Identifying interested parties for probate litigation

On Behalf of | Feb 13, 2019 | Estate Administration & Probate |

In some cases, after the death of a person in Georgia, there could be a legal challenge to the person’s will. This is known as probate litigation. However, as part of that litigation, it might be necessary to determine who is an “interested party.” This includes the people named in the last will and testament, but others may be interested parties as well.

All surviving family members are considered interested parties. This is the case whether or not they are included in the will. Furthermore, everyone named in the will is also an interested party. If there is a previous will, people named in that will might also be considered interested parties.

If a person wants to contest a will, all of the interested parties must be identified. This is because all interested parties have to be contacted about probate litigation since they have a right to be involved in the litigation.
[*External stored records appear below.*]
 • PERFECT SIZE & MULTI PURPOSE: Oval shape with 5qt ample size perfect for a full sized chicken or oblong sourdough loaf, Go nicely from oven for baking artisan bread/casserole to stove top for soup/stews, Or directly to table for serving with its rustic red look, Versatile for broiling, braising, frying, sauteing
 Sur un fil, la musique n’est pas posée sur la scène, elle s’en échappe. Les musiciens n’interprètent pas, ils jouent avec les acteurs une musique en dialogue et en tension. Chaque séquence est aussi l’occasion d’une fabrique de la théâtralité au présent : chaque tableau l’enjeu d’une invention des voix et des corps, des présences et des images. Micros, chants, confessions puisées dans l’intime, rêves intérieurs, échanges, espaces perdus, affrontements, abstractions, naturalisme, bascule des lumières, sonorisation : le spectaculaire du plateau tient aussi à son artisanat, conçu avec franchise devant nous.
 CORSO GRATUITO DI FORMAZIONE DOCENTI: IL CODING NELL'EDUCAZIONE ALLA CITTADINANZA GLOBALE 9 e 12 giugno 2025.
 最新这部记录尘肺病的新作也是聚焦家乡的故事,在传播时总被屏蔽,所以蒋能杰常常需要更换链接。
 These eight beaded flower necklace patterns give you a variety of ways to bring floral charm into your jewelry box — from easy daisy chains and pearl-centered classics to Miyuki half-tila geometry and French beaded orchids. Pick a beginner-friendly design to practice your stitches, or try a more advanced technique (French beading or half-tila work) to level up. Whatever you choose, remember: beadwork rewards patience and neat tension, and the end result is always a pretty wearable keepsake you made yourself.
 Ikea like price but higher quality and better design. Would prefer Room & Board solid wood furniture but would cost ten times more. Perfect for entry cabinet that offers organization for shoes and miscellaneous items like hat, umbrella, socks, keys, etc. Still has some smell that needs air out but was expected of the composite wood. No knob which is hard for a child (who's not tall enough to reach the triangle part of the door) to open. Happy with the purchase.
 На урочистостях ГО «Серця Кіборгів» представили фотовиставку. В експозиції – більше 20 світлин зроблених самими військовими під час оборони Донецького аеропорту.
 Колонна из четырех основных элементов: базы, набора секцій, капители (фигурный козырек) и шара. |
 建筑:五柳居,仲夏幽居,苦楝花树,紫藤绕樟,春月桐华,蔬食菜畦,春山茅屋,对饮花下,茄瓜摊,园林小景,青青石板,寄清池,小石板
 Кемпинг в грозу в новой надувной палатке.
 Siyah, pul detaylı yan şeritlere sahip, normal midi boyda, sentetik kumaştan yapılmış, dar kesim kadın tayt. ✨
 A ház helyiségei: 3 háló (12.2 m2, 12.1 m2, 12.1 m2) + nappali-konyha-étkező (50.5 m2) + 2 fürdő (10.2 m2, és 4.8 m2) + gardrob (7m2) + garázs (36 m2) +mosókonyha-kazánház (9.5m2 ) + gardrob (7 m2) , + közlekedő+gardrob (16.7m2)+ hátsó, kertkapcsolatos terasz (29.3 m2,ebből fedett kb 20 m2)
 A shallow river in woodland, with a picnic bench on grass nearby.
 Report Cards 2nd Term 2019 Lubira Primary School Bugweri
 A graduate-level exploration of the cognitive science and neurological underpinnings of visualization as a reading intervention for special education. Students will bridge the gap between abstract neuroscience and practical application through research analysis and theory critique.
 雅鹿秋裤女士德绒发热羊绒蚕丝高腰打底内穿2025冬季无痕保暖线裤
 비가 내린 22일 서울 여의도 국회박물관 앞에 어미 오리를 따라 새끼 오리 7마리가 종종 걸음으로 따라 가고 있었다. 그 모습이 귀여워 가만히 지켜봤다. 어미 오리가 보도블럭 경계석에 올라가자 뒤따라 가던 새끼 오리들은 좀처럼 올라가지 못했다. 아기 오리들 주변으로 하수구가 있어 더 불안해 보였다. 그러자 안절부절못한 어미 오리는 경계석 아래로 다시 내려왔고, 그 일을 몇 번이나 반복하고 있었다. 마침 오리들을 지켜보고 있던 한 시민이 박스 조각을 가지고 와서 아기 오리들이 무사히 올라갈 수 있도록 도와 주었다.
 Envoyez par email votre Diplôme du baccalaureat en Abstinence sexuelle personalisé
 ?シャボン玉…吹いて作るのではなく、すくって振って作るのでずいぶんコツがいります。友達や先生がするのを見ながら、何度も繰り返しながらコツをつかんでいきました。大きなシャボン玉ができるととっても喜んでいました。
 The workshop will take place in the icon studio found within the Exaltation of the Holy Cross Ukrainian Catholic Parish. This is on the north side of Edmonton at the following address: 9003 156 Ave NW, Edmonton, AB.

There are a number of different reasons that a will might be challenged. For example, the family could feel the person was unduly influenced by someone when making the will. This could be the case if a person leaves an entire estate to a caregiver or a new spouse. Family members might also challenge the will if they are unhappy with what they have been left or feel they were overlooked. Challenges could happen if the will is in conflict with other estate planning documents, such as beneficiary designations.

People who are creating an estate plan might want to work with an attorney to reduce the likelihood that it will be vulnerable to a challenge during the process of estate administration & probate. They should also review the estate plan regularly to ensure that it remains up to date and that all its elements are consistent with one another.